• [WHAT IS BEING ASKED]
Nothing but the lines from the one containing "Λίγο πριν το" through the last line of the material should appear in the answer, transcribed exactly, pictures excluded.

-- RECORDS SUPPLIED follows --

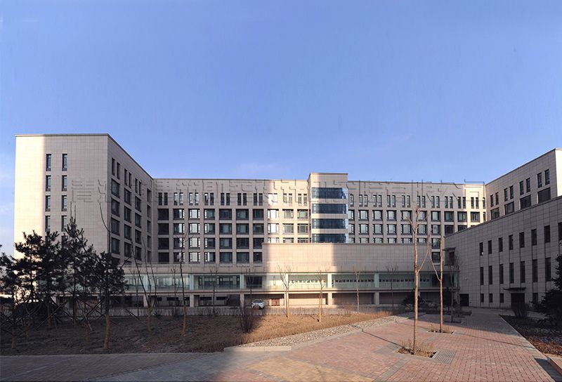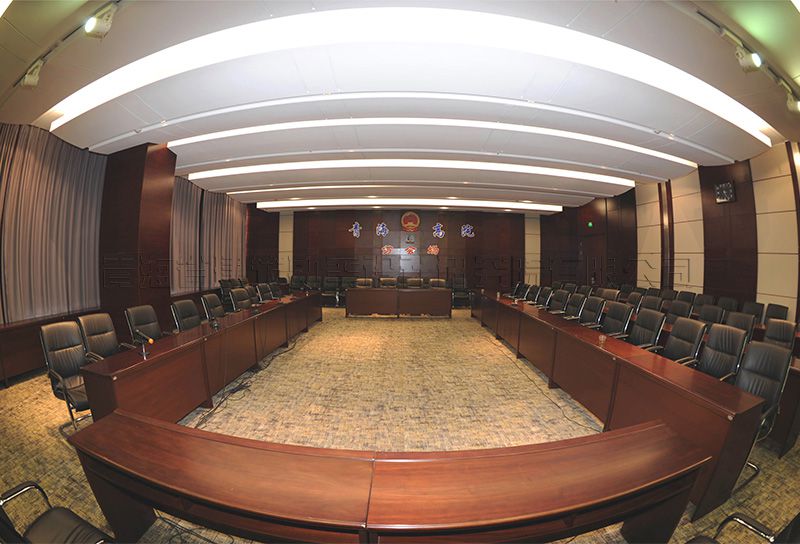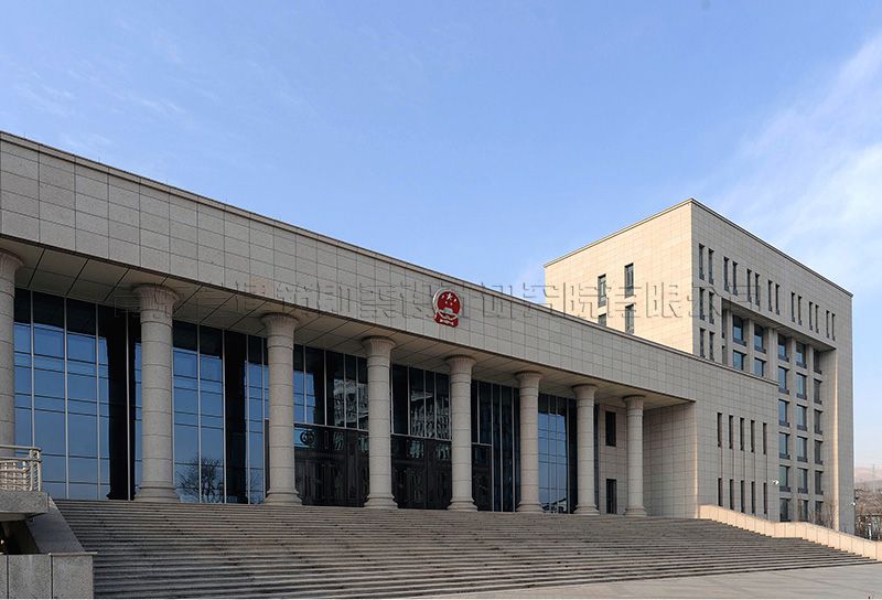青海省高級人民法院審判辦公樓工程位于西寧市城北區(qū)柴達木路與西站二巷道路交叉口西南角,總用地面積60.27畝,用地內(nèi)布置審判辦公樓、法官培訓(xùn)中心、干警高層住宅樓及配套鍋爐房等項目。審判辦公樓總建筑面積32671.00m2,地上層數(shù)為8層,地下1層,建筑高度31.80m。主體建筑分為辦公用房和審判用房兩個部分。建筑一層及局部地下室設(shè)汽車庫、設(shè)備用房、檔案室和羈押用房。辦公部分二至八層為法院行政公共用房,其中二層設(shè)門廳、多功能會議廳,頂層設(shè)大會議室、視頻會議室、閱覽室、健身房等,其他樓層設(shè)辦公及部門會議室。辦公用房設(shè)置滿足規(guī)范《黨政機關(guān)辦公用房建設(shè)標準》的要求。依據(jù)《人民法院法庭建設(shè)標準》審判用房布置在辦公樓東南側(cè),相對獨立,其中設(shè)大法庭1個,中法庭2個,小法庭8個,另設(shè)立案大廳、信訪大廳、候?qū)彺髲d及法官和參與庭審活動的律師、證人、公訴人等人員的配套服務(wù)用房。審判法庭布置重點解決法庭內(nèi)各種流線的要求,即法官通道、羈押通道、旁聽觀眾通道,三者獨立又互相聯(lián)系的關(guān)系。
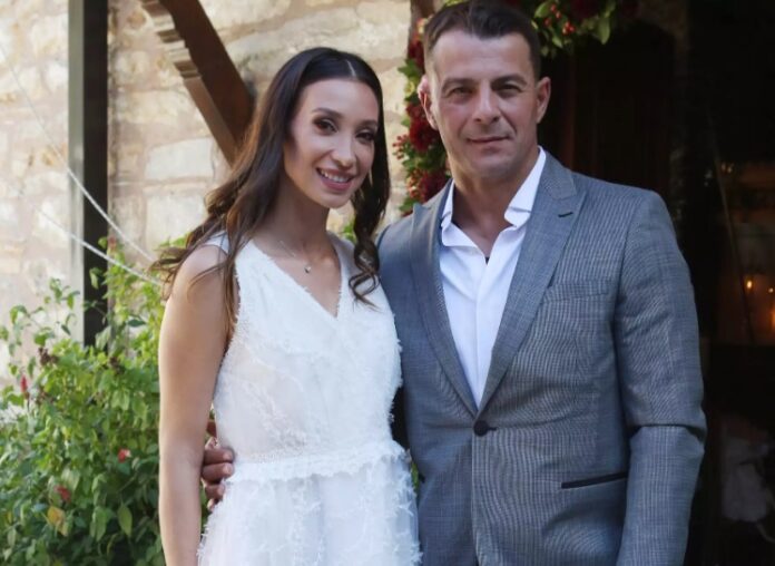 Λίγο πριν το μυστήριο, ο Γιώργος Αγγελόπουλος και η Δήμητρα Βαμβακούση πόζαραν αγκαλιασμένοι στον φωτογραφικό φακό του πρακτορείου NDP έξω από την εκκλησία.
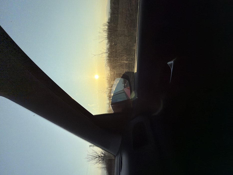 The scene is viewed from inside a vehicle, looking out the front passenger window towards a rural landscape in Blagovo, Bulgaria. The time of day is characterized by a low-lying sun, indicating either late afternoon or early morning. In the immediate foreground, the dark interior of the vehicle is visible, encompassing the A-pillar on the left, a segment of the dashboard, and the passenger door panel which features a reflective door handle. The exterior side mirror is prominent, reflecting a blurred red vehicle. The window glass exhibits visible dust or smudges. Beyond the vehicle, the exterior environment under a clear, light blue sky is illuminated by a bright yellow sun positioned near the horizon. The landscape consists of dry, brownish ground, sparsely populated with bare deciduous trees, and distant hills or mountains along the horizon line. A utility pole is visible in the middle distance on the left side of the frame. No individuals are present, and no specific actions or interactions are occurring.
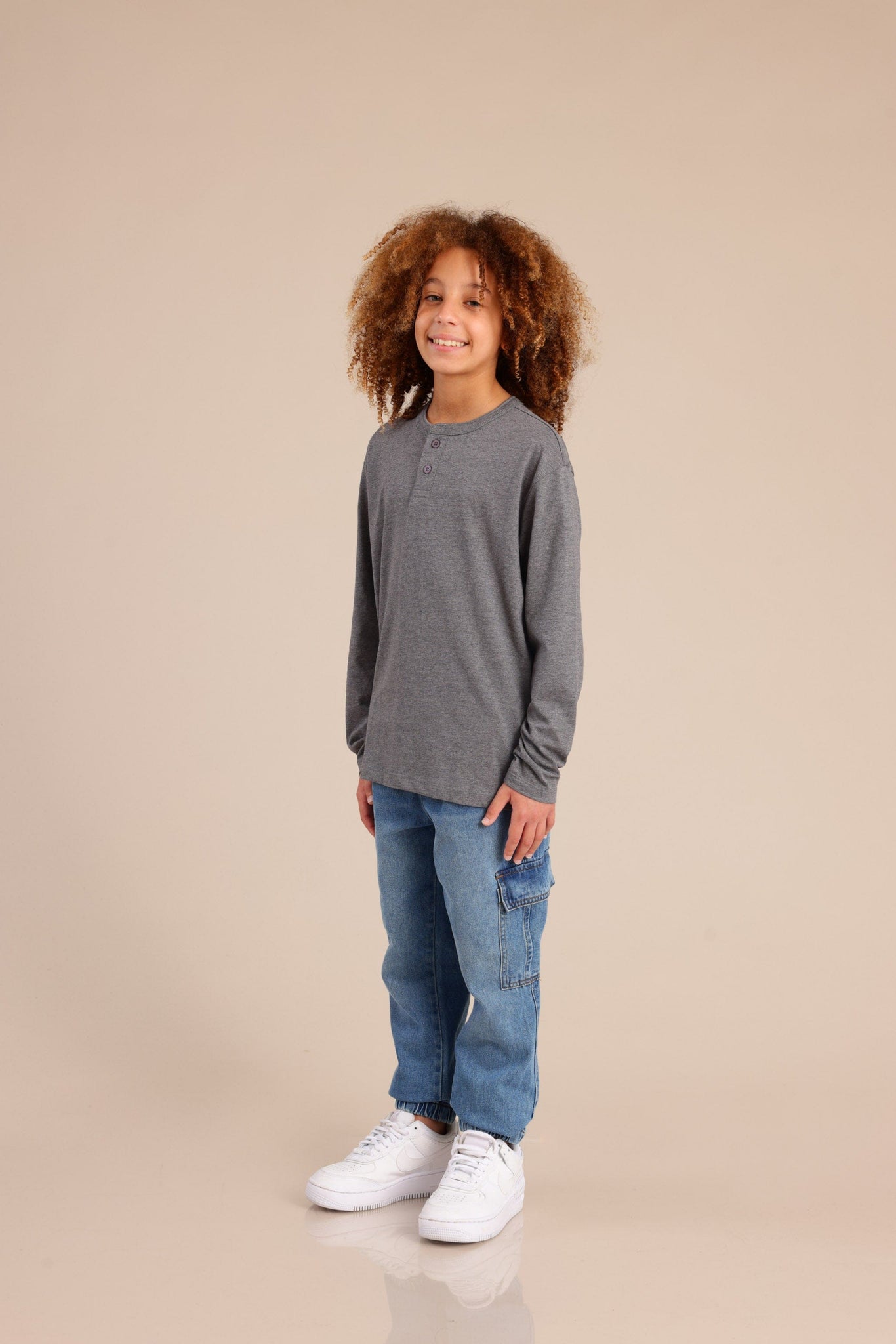 חולצה ארוכה עם כפתורים בצבע מלנז כהה
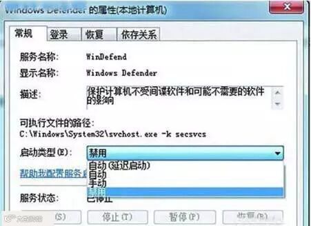 在键盘上同时按下“WIN”和“R”键,在弹出的对话框里输入 “Services.msc”,点击确定后我们就能看到一个界面。Win7的各种系统服务程序都集中在这里,我们可以选择对其关闭或者打开。在这里面找到“Windows Defender”,双击后会弹出一个对话框,点击“启动类型”,在下拉菜单里选择“禁用”,整个系统服务就被停止了。Windows Search和Volume Shadow Copy的禁用方法与此类似。

-- RECORDS SUPPLIED concluded --

• [RESPONSE TO THE TASK]
 Λίγο πριν το μυστήριο, ο Γιώργος Αγγελόπουλος και η Δήμητρα Βαμβακούση πόζαραν αγκαλιασμένοι στον φωτογραφικό φακό του πρακτορείου NDP έξω από την εκκλησία.
 The scene is viewed from inside a vehicle, looking out the front passenger window towards a rural landscape in Blagovo, Bulgaria. The time of day is characterized by a low-lying sun, indicating either late afternoon or early morning. In the immediate foreground, the dark interior of the vehicle is visible, encompassing the A-pillar on the left, a segment of the dashboard, and the passenger door panel which features a reflective door handle. The exterior side mirror is prominent, reflecting a blurred red vehicle. The window glass exhibits visible dust or smudges. Beyond the vehicle, the exterior environment under a clear, light blue sky is illuminated by a bright yellow sun positioned near the horizon. The landscape consists of dry, brownish ground, sparsely populated with bare deciduous trees, and distant hills or mountains along the horizon line. A utility pole is visible in the middle distance on the left side of the frame. No individuals are present, and no specific actions or interactions are occurring.
 חולצה ארוכה עם כפתורים בצבע מלנז כהה
 在键盘上同时按下“WIN”和“R”键,在弹出的对话框里输入 “Services.msc”,点击确定后我们就能看到一个界面。Win7的各种系统服务程序都集中在这里,我们可以选择对其关闭或者打开。在这里面找到“Windows Defender”,双击后会弹出一个对话框,点击“启动类型”,在下拉菜单里选择“禁用”,整个系统服务就被停止了。Windows Search和Volume Shadow Copy的禁用方法与此类似。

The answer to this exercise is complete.